You are attempting to forecast a compositional time series. That is, you have three components that are all constrained to lie between 0 and 1 and to add up to 1.
You can address this issue using standard exponential smoothing, by using an appropriate generalized logistic transformation. There was a presentation on this by Koehler, Snyder, Ord & Beaumont at the 2010 International Symposium on Forecasting, which turned into a paper (Snyder et al., 2017, International Journal of Forecasting).

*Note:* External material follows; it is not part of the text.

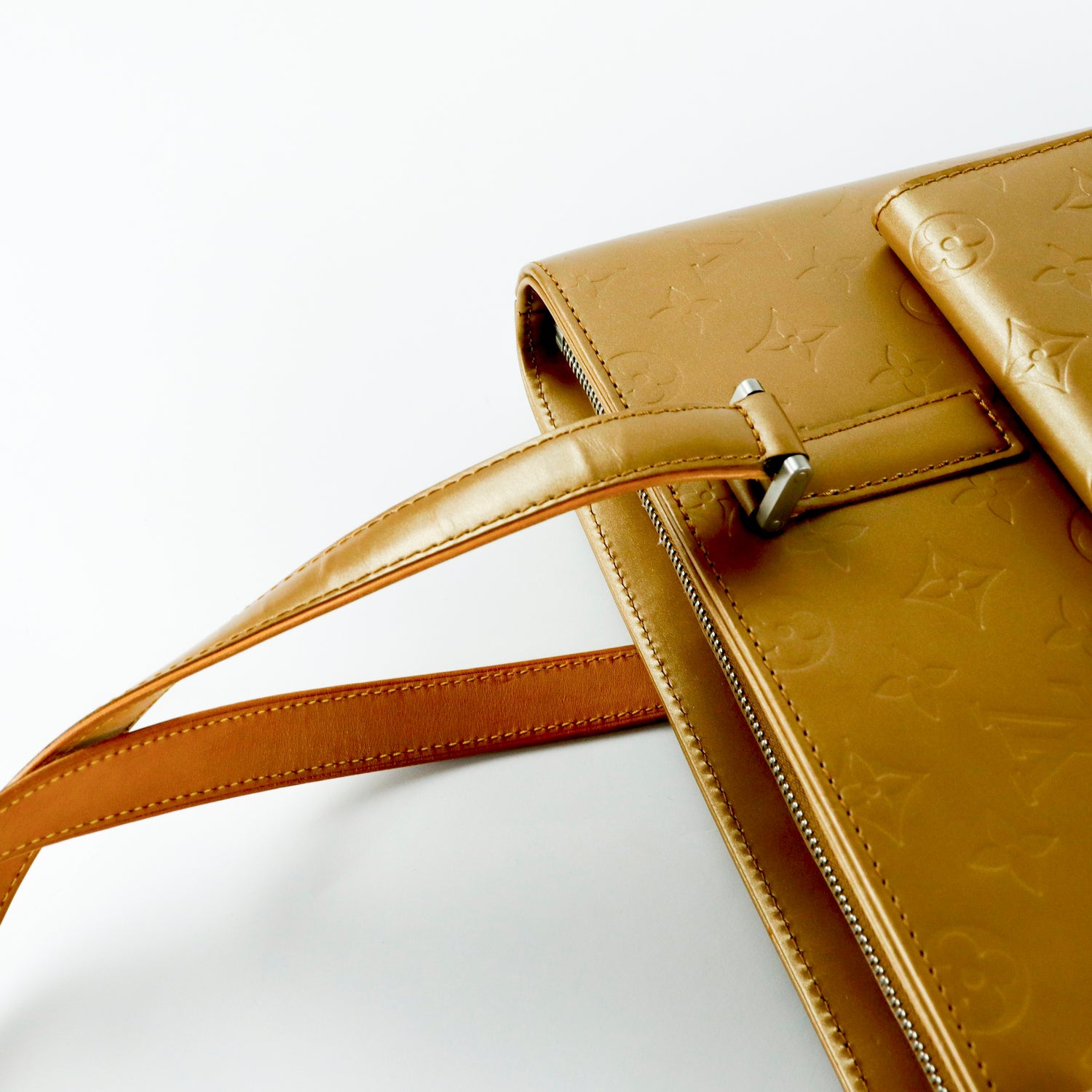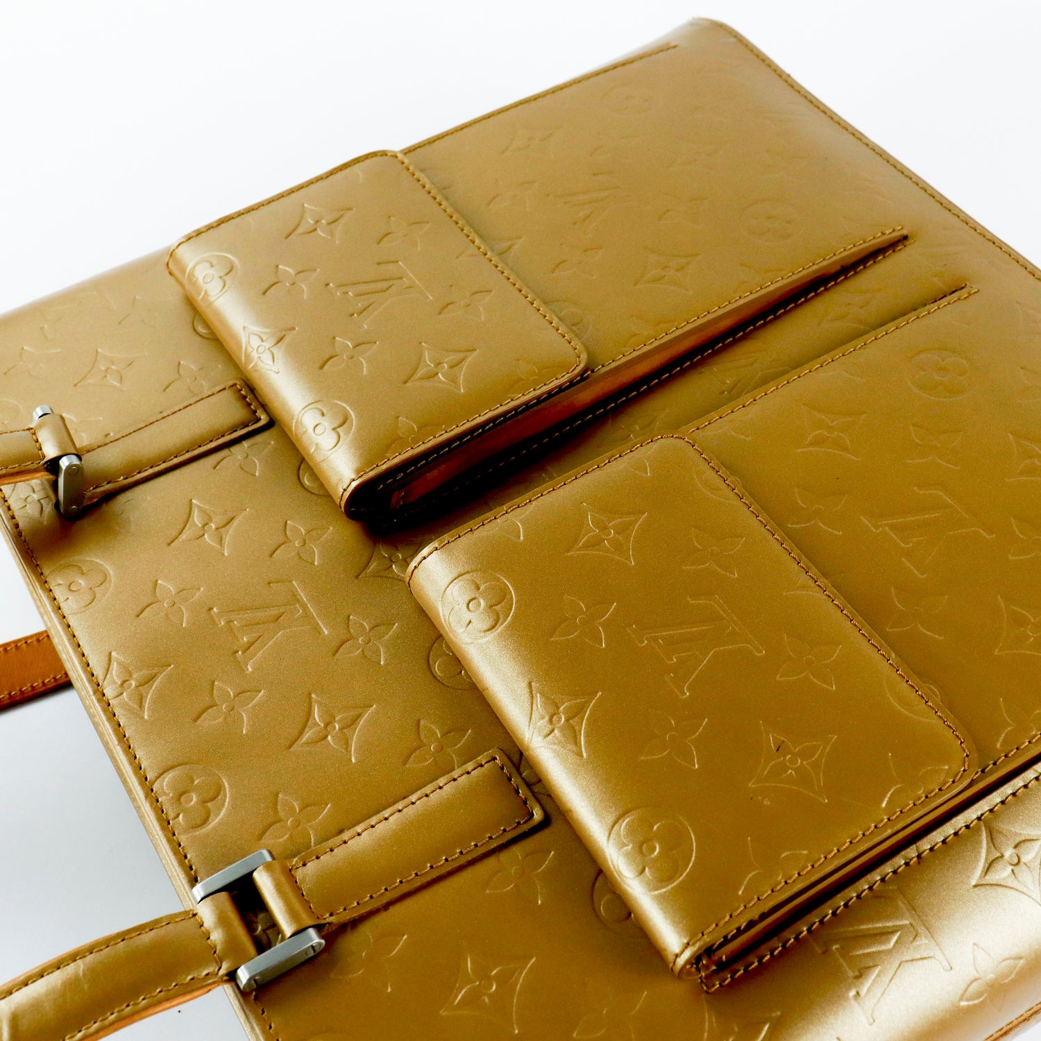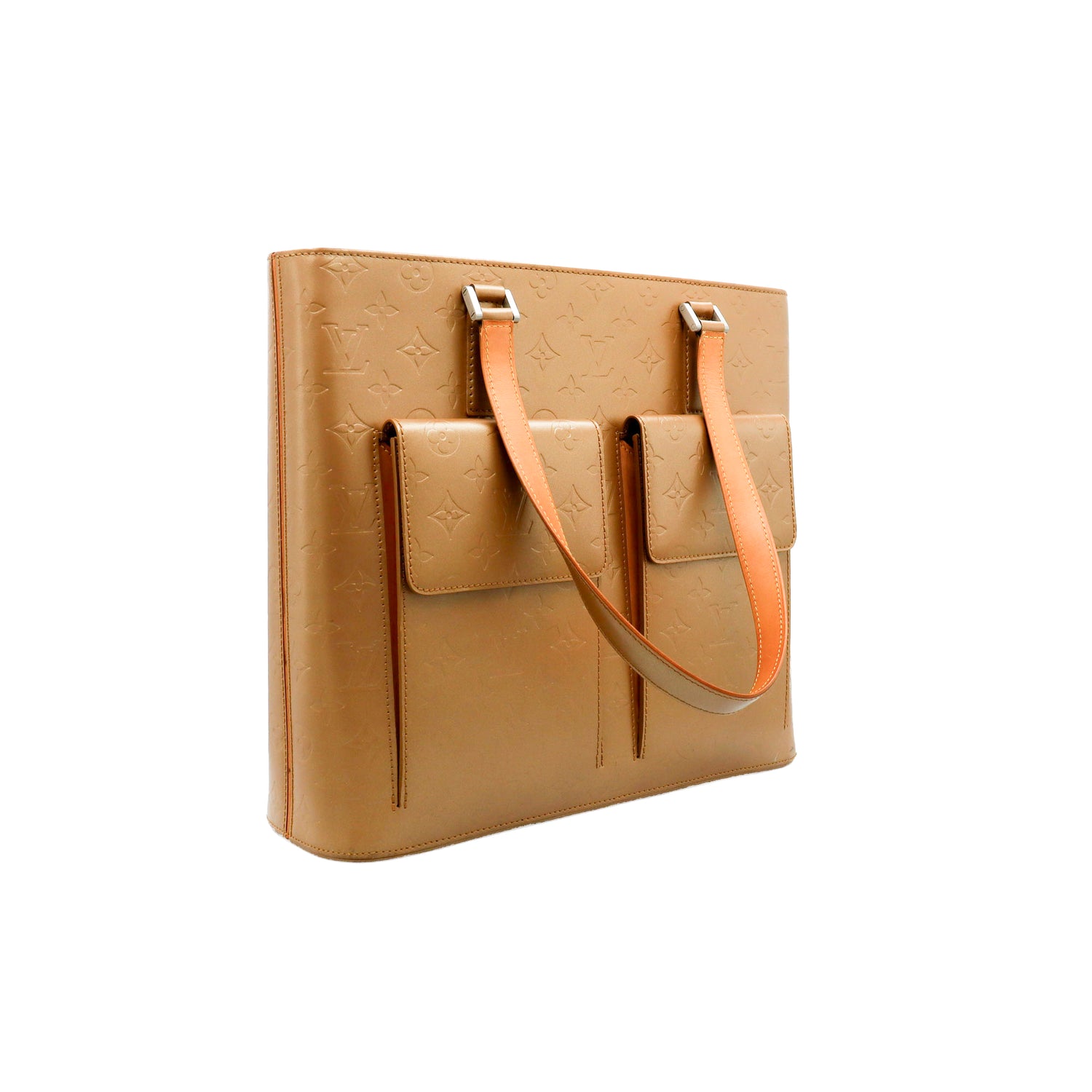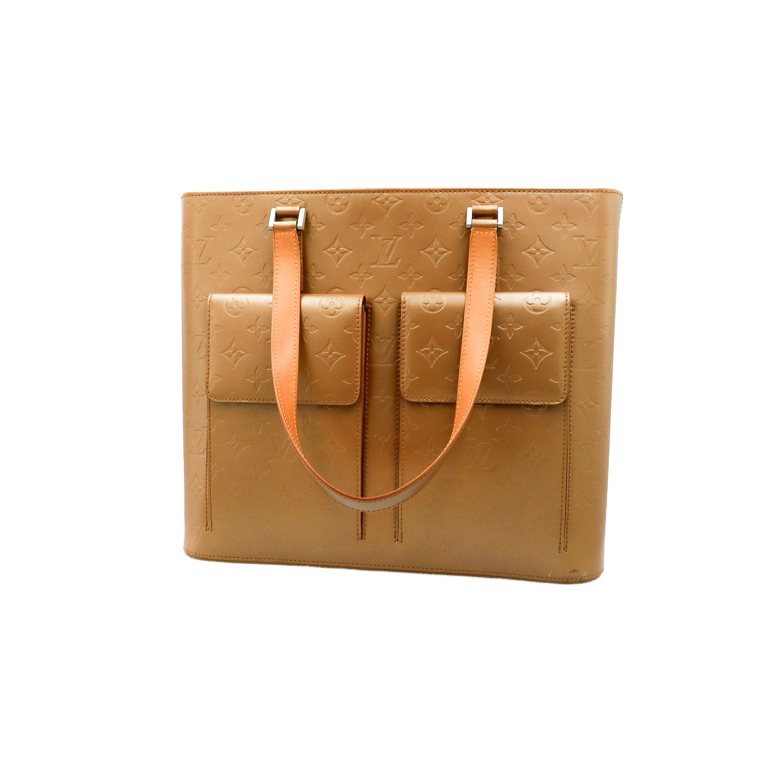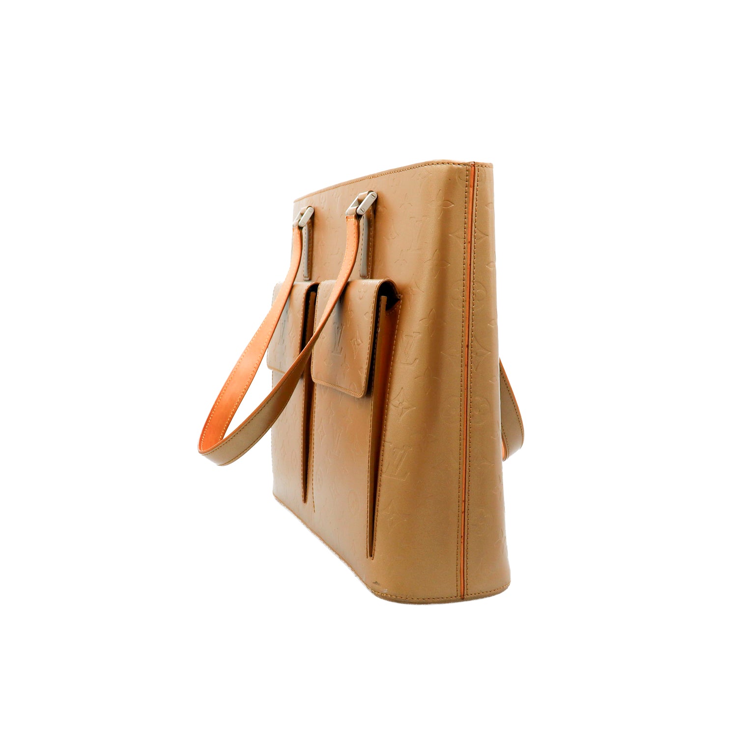 Bolso marca Louis Vuitton de la línea Mat Wilwood en piel vernis color dorado con monograma en acabado mate, forro interno en textil café, cuenta con 2 bolsillos externos con solapa, asas de cuero plana y cierres tipo cremallera.

Let's walk though this with your data. Read the data into a matrix obs of time series:
obs <- structure(c(0.03333333, 0.03810624, 0, 0.03776683, 0.06606607,
0.03900325, 0.03125, 0, 0.04927885, 0.0610687, 0.03846154, 0,
0.06028636, 0.09646302, 0.04444444, 0.01111111, 0.02309469, 0.03846154,
0.03119869, 0.01201201, 0.02058505, 0.015625, 0, 0.01802885,
0.02290076, 0, 0, 0.03843256, 0.05144695, 0.06666667, 0.9555556,
0.9387991, 0.9615385, 0.9310345, 0.9219219, 0.9404117, 0.953125,
1, 0.9326923, 0.9160305, 0.9615385, 1, 0.9012811, 0.85209, 0.8888889
), .Dim = c(15L, 3L), .Dimnames = list(NULL, c("Series 1", "Series 2",
"Series 3")), .Tsp = c(1, 15, 1), class = c("mts", "ts", "matrix"
))
You can check whether this worked by typing
obs
Now, you have a few zeros in there, which will be a problem once you take logarithms. A simple solution is to set everything that is less than a small $\epsilon$ to that $\epsilon$:
epsilon <- 0.0001
obs[obs<epsilon] <- epsilon
Now the modified rows do not sum to 1 any more. We can rectify that (although I think this might make the forecast worse):
obs <- obs/matrix(rowSums(obs),nrow=nrow(obs),ncol=ncol(obs),byrow=FALSE)
Now we transform the data as per page 35 of the presentation:
zz <- log(obs[,-ncol(obs)]/obs[,ncol(obs)])
colnames(zz) <- head(colnames(obs),-1)
zz
Load the forecast package and set a horizon of 5 time points:
library(forecast)
horizon <- 5
Now model and forecast the transformed data column by column. Here I am simply calling ets(), which will attempt to fit a state space exponential smoothing model. It turns out that it uses single exponential smoothing for all three series, but especially if you have more than 15 time periods, it may select trend models. Or if you have monthly data, explain to R that you have a potential seasonality, by using ts() with frequency=12 - then ets() will look at seasonal models.
baz <- apply(zz,2,function(xx)forecast(ets(xx),horizon=horizon)["mean"])
forecasts.transformed <- cbind(baz[[1]]$mean,baz[[2]]$mean)
Next we backtransform the forecasts as per page 38 of the presentation:
forecasts <- cbind(exp(forecasts.transformed),1)/(1+rowSums(exp(forecasts.transformed)))
Finally, let's plot histories and forecasts:
plot(obs[,1],ylim=c(0,1),xlim=c(1,nrow(obs)+horizon),type="n",ylab="")
for ( ii in 1:ncol(obs) ) {
lines(obs[,ii],type="o",pch=19,col=ii)
lines(forecasts[,ii],type="o",pch=21,col=ii,lty=2)
}
legend("left",inset=.01,lwd=1,col=1:ncol(obs),pch=19,legend=colnames(obs))
EDIT: a paper on compositional time series forecasting just appeared. I haven't read it, but it may be of interest.